First a slight detour. A few days ago, I was watching a DVD of “Sherlock Holmes in Washington” (1943). Holmes is investigating the disappearance of a top-secret document, which he deduces has been transferred to microfilm “the size of a postage stamp”. He further explains to Dr. Watson that microfilm enables carrier pigeons to transport the equivalent of 18,000 letters*. I was surprised, because I hadn’t been aware that microfilm was in use in the 1940’s (but a quick check of this article soon clarified the issue).

Anyway, to return to my original theme: have we lost sight of meaning in our pursuit of megabytes?

The issue of contextualisation is central to much of my work, and increasingly I am finding that while companies (especially those engaged in data analytics, content marketing and social media) understand the mechanics of Big Data, SEO, blogging, channel management etc., they are less able to understand the “why?” of what they are doing, or cannot articulate what their goals are or what their expectations might be in trying to capture ever-increasing amounts of data, or deploying new content generation and management tools.

It seems to me that they haven’t clearly framed the context for the tools they are using, nor have they anticipated what results they should expect to see from these efforts.

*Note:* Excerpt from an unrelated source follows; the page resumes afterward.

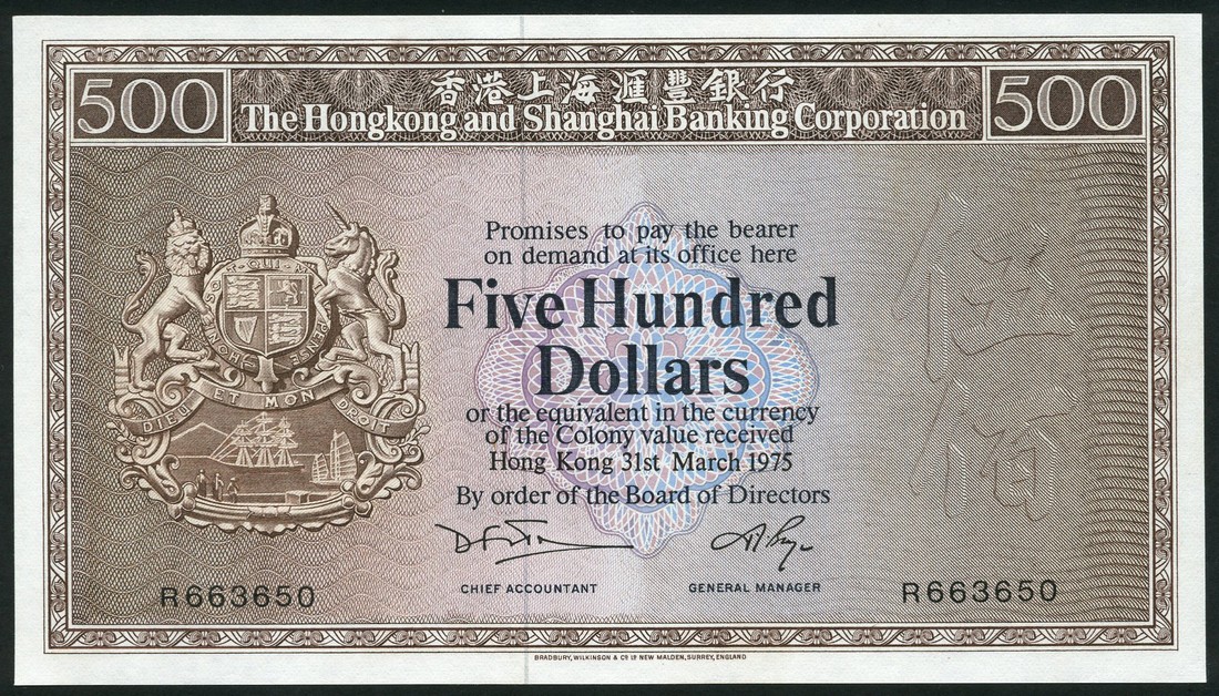 Hong Kong and Shanghai Banking Corporation, $500, 31 March 1975, serial number R 663650, brown and lilac, arms at left, reverse brown, lion at right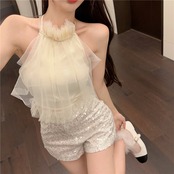 -エンドツーピーススーツ女性 2023 夏の新しいファッションデザインニッチトップハイウエストスパンコールショートパンツ ハイウェスト サマー 夏物 ショーツ ブルマー nana52930000675 | modepoisson

Rather, they focus on capturing more data and generating more content; instead of stepping back and asking “if we do this, what might the outcome be?”, and then clarifying whether that is a good use of their resources.

A small example: the use of “smart” content management tools means that companies can automate the sharing of third-party posts, headlines, Tweets, news and blogs. One of my clients is a career management consultancy, whose content was recently referenced by another career information service. Which was flattering, until I investigated further and discovered that this latter company had simply chosen to share any content with the words “career” or “careerchange” in the headline – which included news items about cars crashing into buildings and athletes achieving PB’s….

If only they had bothered to think ahead about what content they were likely to end up sharing, rather than trying to maximise their output, they wouldn’t have risked confusing their audience.**

Next week: Is Digital Making Us Dumber?

Notes:

* Watch here from about 20:15 onwards. For comparison, it prompted me to estimate how many 3.5″ floppy disks you would have needed to store that many documents, given their meagre 1.44MB capacity. (The answer is 48.) For further comparison, the computer aboard Apollo 11 had 36KB of ROM, and 2KB of RAM. Nowadays, we won’t leave home without a minimum 16GB smart phone.

** See my related analysis which led me to conclude that context is all about the difference between “data” and “knowledge”.